TT-Forge software stack — Local AI Glossary | CraftRigs

TT-Forge is Tenstorrent's software stack for compiling and executing ML workloads on its Tensix-core accelerators, including the QuietBox 2 RISC-V AI workstation. It's the bridge between PyTorch/ONNX-style model graphs and the underlying Tenstorrent silicon — playing the same role CUDA plays for NVIDIA or ROCm plays for AMD.

What It Actually Does

TT-Forge ingests model graphs from frameworks like PyTorch, lowers them through MLIR-based compiler passes, and emits kernels that run on Tenstorrent's grid of Tensix cores. It ships alongside lower-level components (TT-Metal, TT-NN) that expose progressively more direct hardware control. The stack is open source, which is part of Tenstorrent's pitch against the closed NVIDIA ecosystem — but openness doesn't equal maturity.

The Maturity Problem

TT-Forge is early-stage. Support for the runtimes most local AI builders actually use — llama.cpp and Ollama — is unconfirmed at the time of the QuietBox 2 launch. That means popular GGUF workflows, the entire LM Studio ecosystem, and most quantized-model pipelines don't drop in cleanly. You're working closer to the metal: porting models, writing or adapting kernels, and chasing operator coverage gaps. This is the same gap tinygrad's software stack faces — promising architecture, thin runtime support.

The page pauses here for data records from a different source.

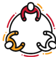
Samenwerking met SBB
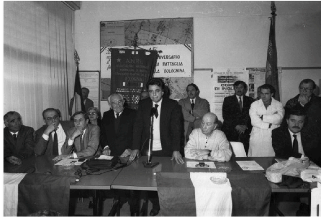
Svolta della Bolognina - 12 novembre 1989

italiens 10 . Réunir les 500.000 signatures requises ne fut qu'une formalité. Le référendum devait avoir lieu en juin 1985. Une autre échéance électorale attendait tout d'abord le PCI. Les élections européennes du 17 juin 1984 virent le triomphe du PCI, endeuillé par la disparition tragique de Berlinguer, victime d'un infarctus en plein meeting électoral le 7 juin (durant un discours retransmis en direct à la télévision 11 ), qui l'emporta le 11. Le Parti communiste obtint son maximum historique, devançant pour la première et dernière fois la DC (33,33% contre 32,96%) et écrasant le PSI de Craxi (11,21%). Il ne s'agissait pourtant, pour le défunt Berlinguer, que d'une victoire à la Pyrrhus. Le référendum sur la désindexation partielle de l'échelle mobile des salaires organisé les 9 et 10 juin 1985, marqua en effet sa défaite posthume. Une participation élevée (77,9%) ne permit cependant pas une mobilisation suffisante, les partisans de l'abrogation ne réunissant que 45,7% des suffrages contre 54,3% des partisans de la réforme.
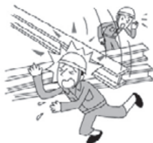
資材が倒れケガをした。
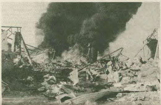
Πηγαγιά στις αποθήκες του Ερυθρού Σταυρού, μετά από αμερικανικό βομβαρδισμό. Εδώ μάλλον κρύβεται ο Μπιν Λάντεν...

μεία είτε της περιοχής μας, αλλά και ευρύτερα του πλανήτη», όπως ωμά αποκάλυψε ο Γ. Παναπαντοίου, επισημαίνοντας ότι «όλοι εμείς οι Ευρωπαίοι, οι Αμερικανοί και οι άλλοι συγκροτούμε τη μεγάλη αλληλεγγύη εναντίον της τρομοκρατίας, θα πρέπει να προετοιμαζόμαστε για έναν μακροχρόνιο αγώνα, που θα έχει σαν αντικείμενο την εξάρθρωση αυτών των τρομοκρατικών δικτύων...»
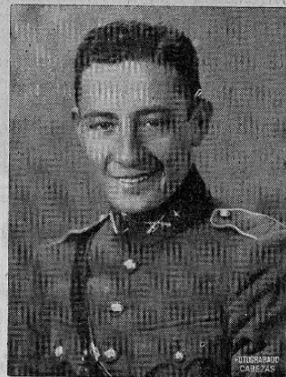
Coronel Daniel Coronado Urrutia, actual Gobernador de La Antigua, graduado de la Escuela Politécnica de Guatemala

Álgebra superior — Geometría del espacio — Descriptiva con extensión — Geometría analítica — Cálculos diferencia e integral — Planos acotados — Mecánica racional — Mecánica explicada — Física experimental — Química inorgánica — Materiales de Construcción — Mecánica de las construcciones — Caminos de hierro y ordi-
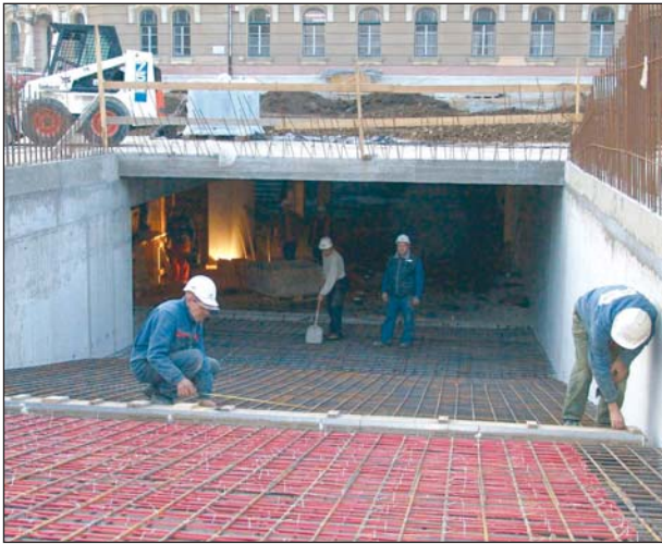
A Hősök terén már a felszíni munkálatok folynak.

úgy döntött, hogy egy koncessziós lehetőséget biztosít egy vállalkozói csoportnak a tér alatti mélygarázs megépítésére. Itt meg kell jegyezni: sok területen a parkolók, parkolóhelyek rovására jöttek létre a belváros megújítását célzó projektek, s a városvezetés egyik legfontosabb célkitűzése, hogy az „elvet” parkolókat mihamarabb visszazakariják a gépkocsival közle-
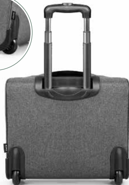
Plastic feet and rubber wheels Pieds en plastique et roues en gomme
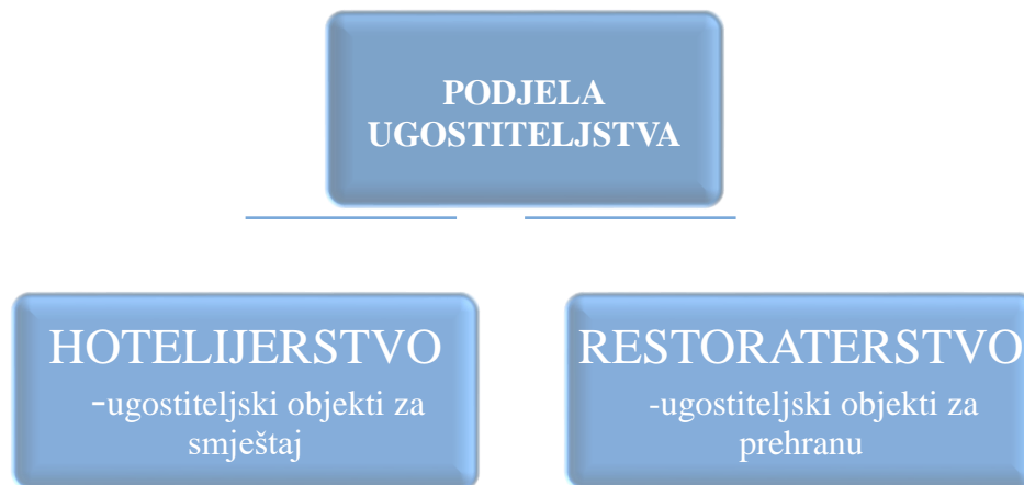
Shema 1: Podjela ugostiteljstva
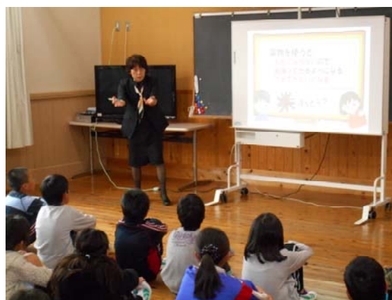
4・5・6年薬物乱用防止教室
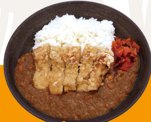
クリスピーチキンカレー C-2 CRISPY CHICKEN CURRY Curry Reis mit Crispy Chicken Topping 13,80€
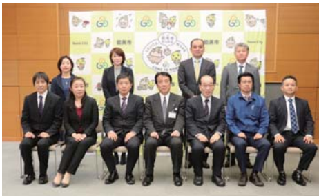
産業振興奨励助成金は計1,393万円を交付しました。

設や機械設備に一定額以上の投資を行った企業に助成するものです。今回は次の12社に交付しました。 合同会社LNSジャパン(道林町)、(株)オノモリ(上清水町)、上西鉄筋工業(株)(山口町)、(株)クマモトニット(福島町)、(株)クリエート(粟生町)、昭和プロダクツ(株)(上清水町)、(株)そごう(粟生町)、(株)タガミ・イーエクス(粟生町)、(株)ツキボシP&P(浜町)、(株)日誠産業(浜町、山口町)、(株)北陸カラーフォーム(勘生町)、北陸スチール(株)(道林町)
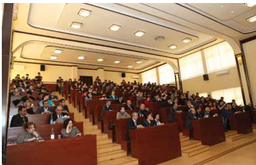
На презентации монографии. Отчет перед родным университетом спустя 35 лет
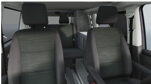
Eszen-Kray GOTTFRIED SCHULTZ

Why It Matters for Local AI

For most local LLM builders, "does it run Ollama?" is a hard requirement, and TT-Forge can't yet answer yes with confidence. That makes Tenstorrent hardware a developer buy — appealing if you want to contribute to an open accelerator stack or run custom inference pipelines, but a poor fit if you just want to load a Q4_K_M model and start chatting. Until TT-Forge ships first-class llama.cpp and Ollama paths, an NVIDIA or Apple Silicon rig will get a model serving tokens faster, even if the raw silicon is less interesting.